Patentable/Patents/7191125

7191125

Method and Apparatus for High Performance Low Bit-Rate Coding of Unvoiced Speech

PublishedMarch 13, 2007

Assigneenot available in USPTO data we have

InventorsPengjun Huang

Technical Abstract

Patent Claims

36 claims

Legal claims defining the scope of protection, as filed with the USPTO.

1. A method of encoding unvoiced segments of speech, comprising: partitioning a residual signal frame into sub-frames, each sub-frame having a codebook gain associated therewith; quantizing the gains to produce indices; scaling a percentage of random noise associated with each sub-frame by the indices associated with the sub-frame; performing a first filtering of the scaled random noise; computing the energy of the filtered scaled random noise and the energy of the residual signal; comparing the energy of the filtered scaled random noise with the energy of the residual signal; selecting a second filter based on the comparison; and performing a second filtering of the filtered scaled random noise using the selected second filter.

2. The method of claim 1 , wherein the partitioning a residual signal frame into sub-frames comprises partitioning a residual signal frame into ten sub-frames.

3. The method of claim 1 , wherein the residual signal frame comprises 160 samples per frame sampled at eight kilohertz per second for 20 milliseconds.

4. The method of claim 1 , wherein the percentage of random noise is twenty-five percent.

5. The method of claim 1 , wherein quantizing the gains to produce indices is performed using multi-stage vector quantization.

6. A speech coder for encoding unvoiced segments of speech, comprising: means for partitioning a residual signal frame into sub-frames, each sub-frame having a codebook gain associated therewith; means for quantizing the gains to produce indices; means for scaling a percentage of random noise associated with each sub-frame by the indices associated with the sub-frame; means for performing a first filtering of the scaled random noise; means for computing the energy of the filtered, scaled random noise and the energy of the residual signal; means for comparing the energy of the filtered noise with the energy of the residual signal; means for selecting a secondary filter based on the comparison; and means for performing a secondary filtering of the filtered, scaled random noise in accordance with the selected filter.

7. The speech coder of claim 6 , wherein the means for partitioning a residual signal frame into sub-frames comprises means for partitioning a residual signal frame into ten sub-frames.

8. The speech coder of claim 6 , wherein the means for scaling a percentage of random noise comprises a means for scaling twenty-five percent of the highest-amplitude random noise.

9. The speech coder of claim 6 , wherein the means for quantizing the gains to produce indices comprises means for multi-stage vector quantization.

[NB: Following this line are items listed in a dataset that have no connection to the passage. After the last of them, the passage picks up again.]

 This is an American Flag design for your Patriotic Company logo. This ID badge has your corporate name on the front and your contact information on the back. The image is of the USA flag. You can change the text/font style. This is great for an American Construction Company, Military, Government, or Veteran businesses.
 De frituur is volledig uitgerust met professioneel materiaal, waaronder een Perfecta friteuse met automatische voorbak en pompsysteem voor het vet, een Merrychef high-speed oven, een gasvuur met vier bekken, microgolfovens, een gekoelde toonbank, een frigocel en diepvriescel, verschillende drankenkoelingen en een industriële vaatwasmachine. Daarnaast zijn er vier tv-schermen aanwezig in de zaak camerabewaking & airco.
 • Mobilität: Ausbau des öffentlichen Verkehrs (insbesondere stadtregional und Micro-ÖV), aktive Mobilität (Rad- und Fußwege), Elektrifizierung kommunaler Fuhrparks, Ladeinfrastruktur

10. A speech coder for encoding unvoiced segments of speech, comprising: a gain computation component configured to partition a residual signal frame into sub-frames, each sub-frame having a codebook gain associated therewith; a gain quantizer configured to quantize the gains to produce indices; a random number selector and multiplier configured to scale a percentage of random noise associated with each sub-frame by the indices associated with the sub-frame; a first perceptual filter configured to perform a first filtering of the scaled random noise; a band energy analyzer configured to compare the filtered noise with the residual signal; a plurality of second shaping filters configured to perform a second filtering of the random noise, wherein only one or none of the plurality of second shaping filters is selected to perform the second filtering in accordance with the comparison from the band energy analyzer.

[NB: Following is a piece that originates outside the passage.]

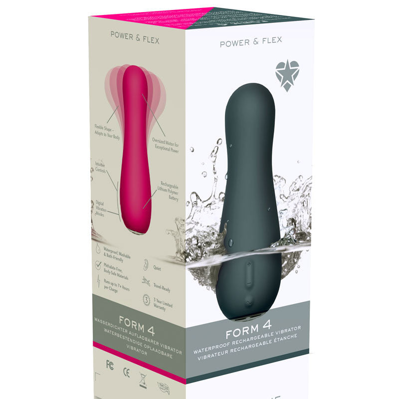 Waterproof vibrator offers deep, rumbling vibration. Combined with a simple and approachable shape, the flexible shape adapts to your body, the over-sized motor provides exceptional power, exactly where you want it most. With four vibration modes and five power levels, the vibrator is recharged by placing it on its base. Lithium ion battery runs more than 4 hours on a single charge. Measures 3.25 in. by 2 in. at widest point.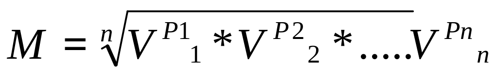 Среднее геометрическое - вычисляется в тех случаях, когда дело имеют с числовым рядом, отдельные значения в котором распределяются в геометрической профессии (резко отличаются друг от друга). Наиболее целесообразно вычисление этого показателя при определении среднего во временных рядах распределения. В целом, если при вычислении среднего арифметического подходят к рядам распределения с точки зрения разности между величинами, то при вычислении среднего геометрического подходят с точки зрения соотношения величин. Например: имеется два числа 4 и 16. Среднее арифметическое из них равняется 10, т.е. 10 больше 4 на столько же, на сколько 10 меньше 16. Среднее геометрическое из этих чисел равно 8. Число 8 в два раза меньше 16 и в два раза больше 4.

11. A method of decoding unvoiced segments of speech, comprising: recovering a group of quantized gains using received indices for a plurality of sub-frames; generating a random noise signal comprising random numbers for each of the plurality of sub-frames; selecting a pre-determined percentage of the highest-amplitude random numbers of the random noise signal for each of the plurality of sub-frames; scaling the selected highest-amplitude random numbers by the recovered gains for each sub-frame to produce a scaled random noise signal; band-pass filtering and shaping the scaled random noise signal; and selecting a second filter based on a received filter selection indicator and further shaping the scaled random noise signal with the selected filter.

12. The method of claim 11 , further comprising further filtering the scaled random noise.

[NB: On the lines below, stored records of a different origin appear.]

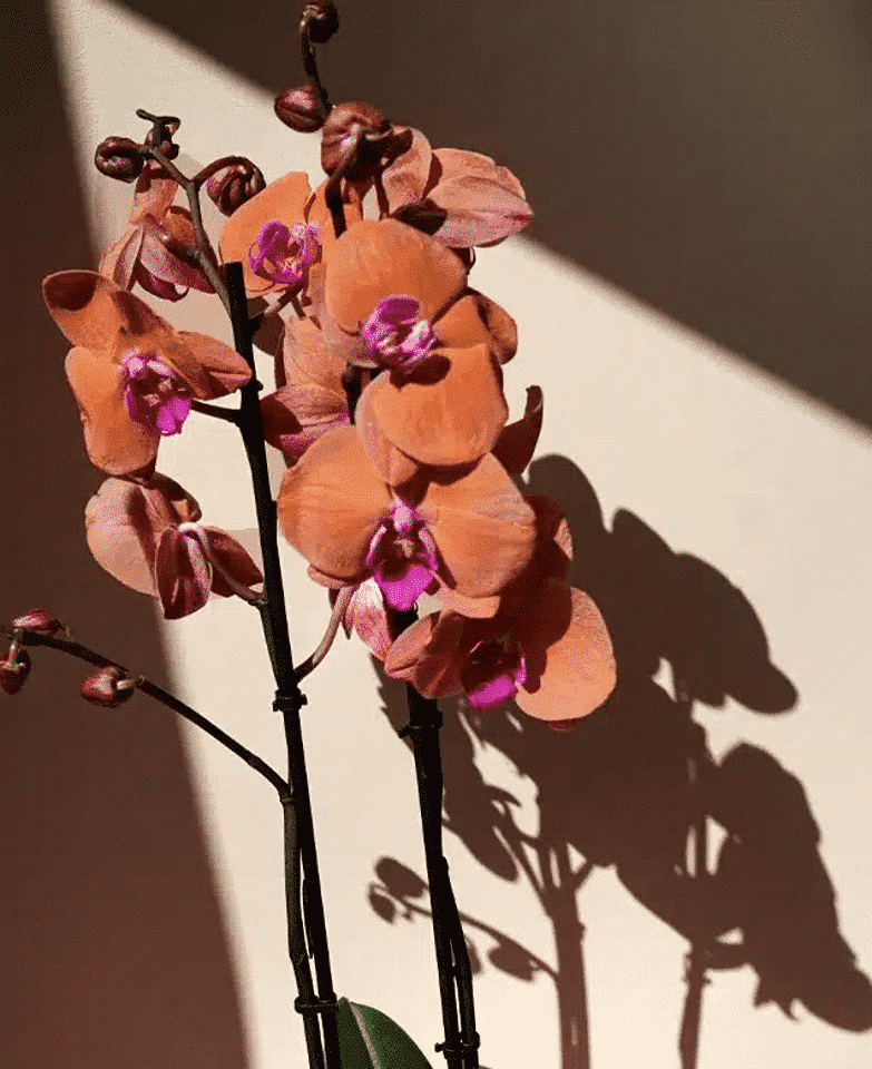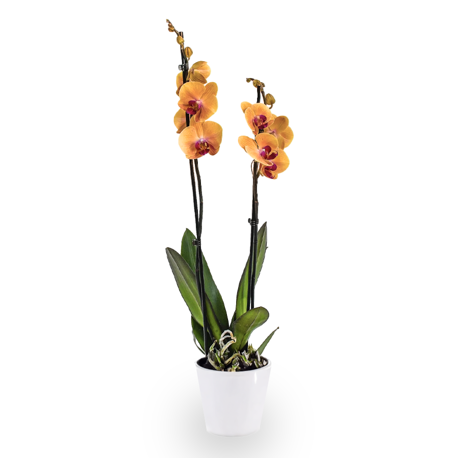 2 Stem orange orchids in a pot.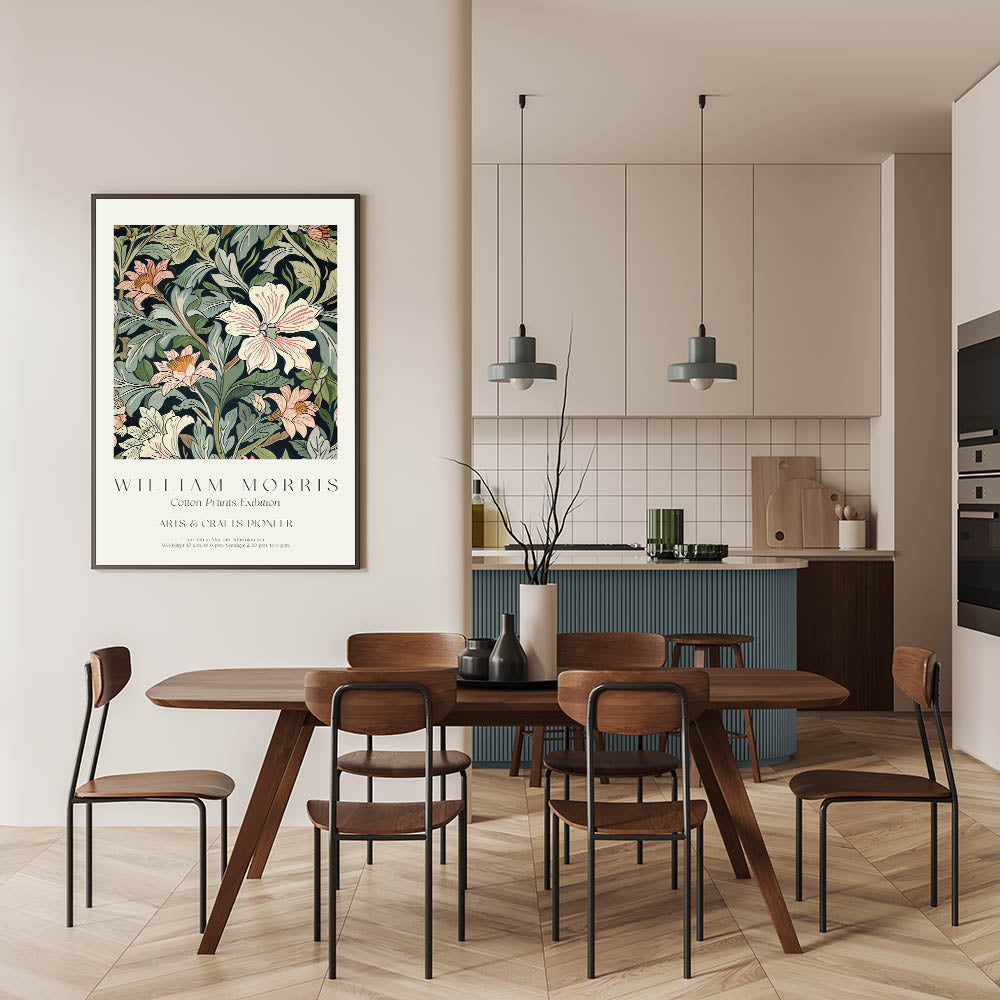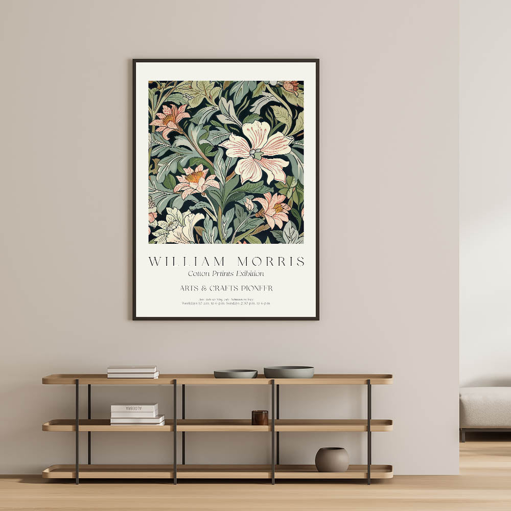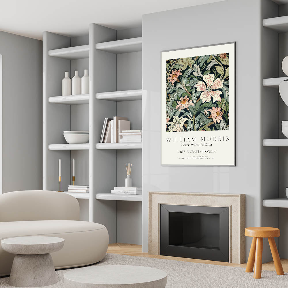 Enhance your home with the timeless beauty of this botanical-inspired wall art, featuring intricate floral patterns in a classic William Morris style. This modern wall art blends soft greens, peach-toned flowers, and delicate detailing, making it a perfect addition to living room wall décor.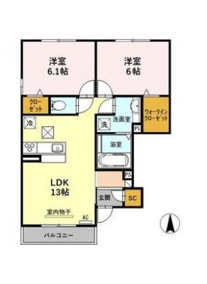 保証金2ヶ月 / 償 却10割間取り 2LDK / 61.88㎡入居日 2026年1月上旬
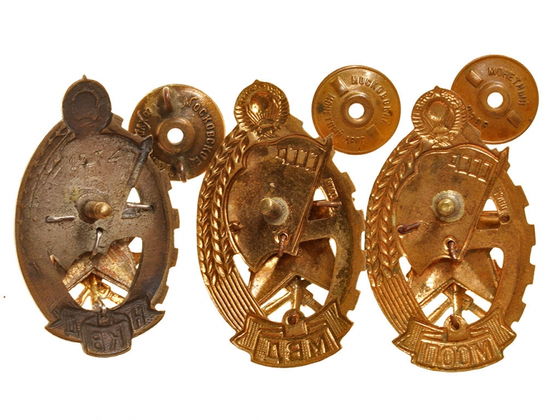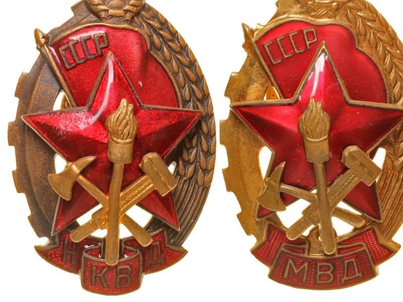 Лот из трех наградных знаков "Лучшему работнику пожарной охраны" - соответственно с аббревиатурами "НКВД" (Народный комиссариат внутренних дел), "МВД" (Министерство внутренних дел) и "МООП" (Министерство охраны общественного порядка). Томпак, золочение, эмаль. Очень хорошее состояние.

13. The method of claim 11 , wherein the plurality of sub-frames comprise partitions of ten sub-frames per frame of encoded unvoiced speech.

14. The method of claim 11 , wherein the plurality of sub-frames comprise partitions of sub-frame gains partitioned into sub-groups.

15. The method of claim 14 , wherein the sub-groups comprise partitioning a group of ten sub-frame gains into two groups of five sub-frame gains each.

16. The method of claim 13 , wherein the frame of encoded unvoiced speech comprises 160 samples per frame sampled at eight kilohertz per second for 20 milliseconds.

17. The method of claim 11 , wherein the pre-determined percentage of the highest-amplitude random numbers is twenty-five percent.

18. The method of claim 14 , wherein two normalization factors are recovered for two sub-groups of five sub-frame gains each.

19. A method of decoding unvoiced segments of speech, comprising: recovering quantized gains partitioned into sub-frame gains from received indices associated with each sub-frame; scaling a percentage of random noise associated with each sub-frame by the indices associated with the sub-frame; performing a first filtering of the scaled random noise; selecting a second filter from a plurality of filters in accordance with a received filter selection indicator; and performing a second filtering of the random noise using the selected second filter.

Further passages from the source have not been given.